Foster sets out to live as a badger, an otter, a fox, a stag and a swift to be steeped in their ways and thus understand their lives better and our own. He does this by setting up residence in different places and moving across landscapes as a stag, foraging through dustbins as a fox, attempting to fly like a swift and dwelling in hillside setts as a badger.
So, we’re taken on a shaman’s journey, one where Baker is clear about the boundary between himself and animal. He’s an evocative writer, an eccentric writer in the best tradition, and he’s also bluntly honest about his failure to success in this grand experiment.
His message is also that wonder is in the detail. “Only those blind to the velvet flow of a caterpillar’s legs and deaf to the grunt of a crocus as it noses out of the earth don’t worship.”
It’s an exhilarating read and one of the most original books I’ve read in a long time.

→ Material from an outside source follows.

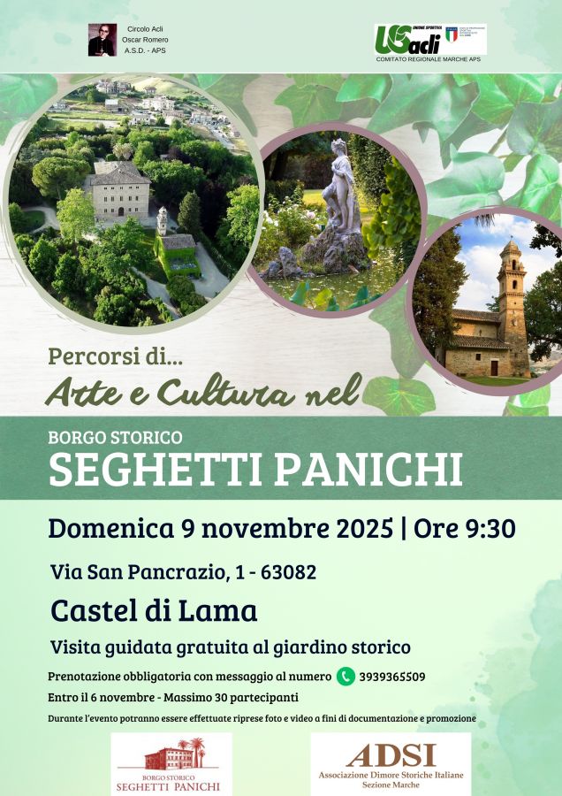 Domenica 9 Novembre si svolgerà l'iniziativa "Percorsi di arte e cultura nel Borgo Storico Seghetti Panichi", un appuntamento gratuito promosso dal Circolo Acli Oscar Romero ASD APS.

Why We Sleep: Unlocking the Power of Sleep and Dreams by Matthew Walker
Walker is a great advocate for getting eight of hours sleep a night and he makes the case that we’re in the midst of a “silent sleep loss epidemic” that poses “the greatest public health challenge we face in the 21st century.” His credentials are impressive – he’s Professor of Neuroscience and Psychology at the University of California, Berkeley, and Founder and Director of the Center for Human Sleep Science. Walker tells us that “Sleep is the single most effective thing we can do to reset our brain and body health each day.” One of the many stories he shares is a conversation with a composer who tells him that sleep often gives him the answer to an unsolved piece of music he wrestles with before he falls asleep. Walker tests this theory and finds much truth in it. A good night’s sleep comprises both REM (rapid-eye movement) sleep, and NREM (non-REM) sleep, a deeper sleep state that predominates in the first half of the night. NREM sleep is crucial to memory retention, and to acquiring and refining our motor skills. REM sleep plays a role in our abilities to deal with negative feelings, read other people’s emotions and solve problems. Our last two hours of sleep are vital, so we shouldn’t sacrifice it for exercise because we sabotage the biggest health benefits.

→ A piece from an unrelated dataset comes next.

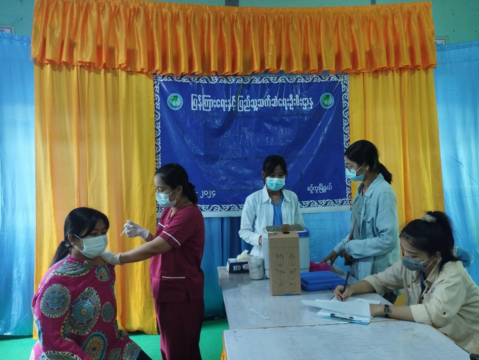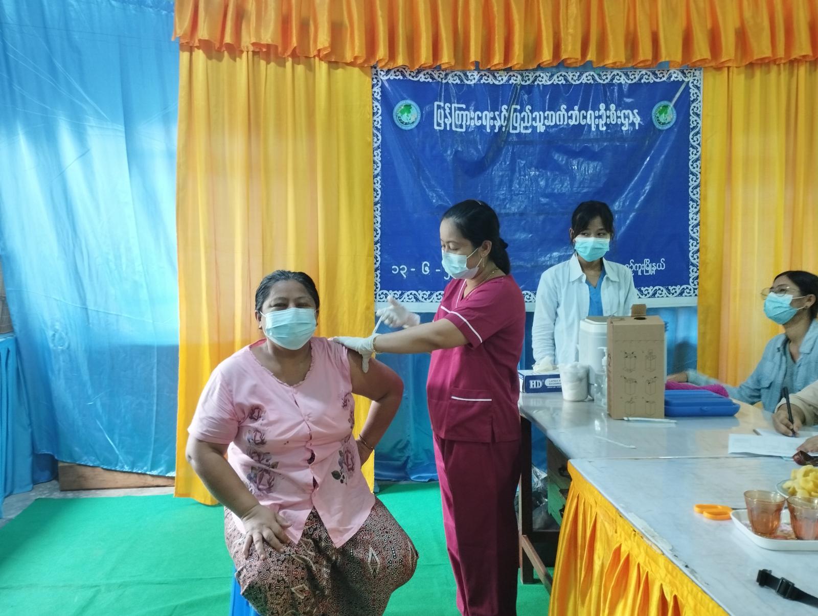 မန္တလေးတိုင်းဒေသကြီး၊ သပိတ်ကျင်းခရိုင်၊ စဥ့်ကူးမြို့နယ်၌ မြို့နယ်အဆင့် ဌာနဆိုင်ရာဝန်ထမ်းများနှင့် အသက်(၁၈)နှစ်နှင့်အထက် ဝန်ထမ်းမိသားစုဝင်များအား ကိုဗစ်-၁၉ရောဂါ ထပ်ဆောင်းကာကွယ်ဆေး (Booster Dose) ထိုးနှံပေးခြင်းလုပ်ငန်းကို မြို့နယ်ကျန်းမာရေးဦးစီးဌာနမှ ယမန်နေ့နံနက် (၁၀) နာရီမှစ၍ စာရင်းပေးသွင်းထားသည့် ဌာနဆိုင်ရာအသီးသီးသို့ အရောက်သွား၍ ကိုဗစ်-၁၉ရောဂါ ထပ်ဆောင်းကာကွယ်ဆေး (Booster Dose) ထိုးနှံပေးလျက်ရှိသည်။

Other fun facts: You’ll have a harder time falling asleep after reading a book on an LED device than you will after reading one printed on old-fashioned paper; the blue light emitted by an iPad suppresses your brain’s natural release of melatonin, the hormone that induces sleepiness, by over 50 percent. And adults aged 45 and older who get fewer than six hours of sleep a night are 200 percent more likely to suffer a heart attack or a stroke than those who get their full sleep allotment. The most straightforward recommendation from Walker is to “Establish a regular bedtime and wake-up time, even on weekends.” It’s a book to keep on your nightstand.